(WHAT IS BEING ASKED):
In the records below, find the line with "ለተጎጂ ወገኖች ከተመደበው" and the line with "ሚኒስትርና የግብርናና ገጠር". Print both exactly, along with every line between them, and no other line.

(INFORMATION SUPPLIED):
=== Section Start ===
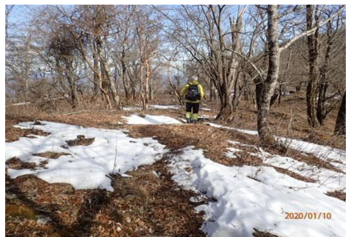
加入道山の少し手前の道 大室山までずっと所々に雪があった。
=== Section End ===
=== Section Start ===
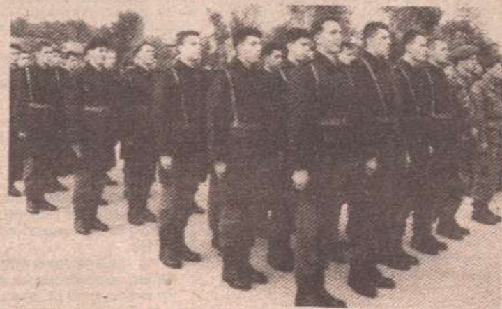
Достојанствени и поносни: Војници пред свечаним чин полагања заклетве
=== Section End ===
=== Section Start ===
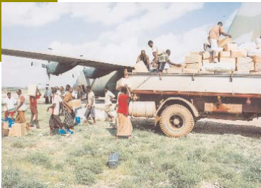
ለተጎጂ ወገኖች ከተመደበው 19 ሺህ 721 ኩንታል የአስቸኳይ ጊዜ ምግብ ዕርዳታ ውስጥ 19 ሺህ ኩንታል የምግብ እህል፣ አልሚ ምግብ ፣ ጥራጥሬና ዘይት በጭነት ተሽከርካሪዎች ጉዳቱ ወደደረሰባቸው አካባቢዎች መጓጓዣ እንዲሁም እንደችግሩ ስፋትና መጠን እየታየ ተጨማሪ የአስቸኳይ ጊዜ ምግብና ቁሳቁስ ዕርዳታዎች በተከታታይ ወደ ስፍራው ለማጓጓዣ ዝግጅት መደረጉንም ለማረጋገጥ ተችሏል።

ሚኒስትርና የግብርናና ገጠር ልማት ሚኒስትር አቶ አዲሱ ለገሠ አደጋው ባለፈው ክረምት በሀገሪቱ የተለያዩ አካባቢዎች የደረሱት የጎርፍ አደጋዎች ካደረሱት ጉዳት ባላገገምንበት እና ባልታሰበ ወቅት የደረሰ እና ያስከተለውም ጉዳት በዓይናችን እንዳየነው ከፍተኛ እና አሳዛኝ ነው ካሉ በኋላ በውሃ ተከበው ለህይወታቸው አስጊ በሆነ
=== Section End ===
(WRITTEN ANSWER):
ለተጎጂ ወገኖች ከተመደበው 19 ሺህ 721 ኩንታል የአስቸኳይ ጊዜ ምግብ ዕርዳታ ውስጥ 19 ሺህ ኩንታል የምግብ እህል፣ አልሚ ምግብ ፣ ጥራጥሬና ዘይት በጭነት ተሽከርካሪዎች ጉዳቱ ወደደረሰባቸው አካባቢዎች መጓጓዣ እንዲሁም እንደችግሩ ስፋትና መጠን እየታየ ተጨማሪ የአስቸኳይ ጊዜ ምግብና ቁሳቁስ ዕርዳታዎች በተከታታይ ወደ ስፍራው ለማጓጓዣ ዝግጅት መደረጉንም ለማረጋገጥ ተችሏል።

ሚኒስትርና የግብርናና ገጠር ልማት ሚኒስትር አቶ አዲሱ ለገሠ አደጋው ባለፈው ክረምት በሀገሪቱ የተለያዩ አካባቢዎች የደረሱት የጎርፍ አደጋዎች ካደረሱት ጉዳት ባላገገምንበት እና ባልታሰበ ወቅት የደረሰ እና ያስከተለውም ጉዳት በዓይናችን እንዳየነው ከፍተኛ እና አሳዛኝ ነው ካሉ በኋላ በውሃ ተከበው ለህይወታቸው አስጊ በሆነ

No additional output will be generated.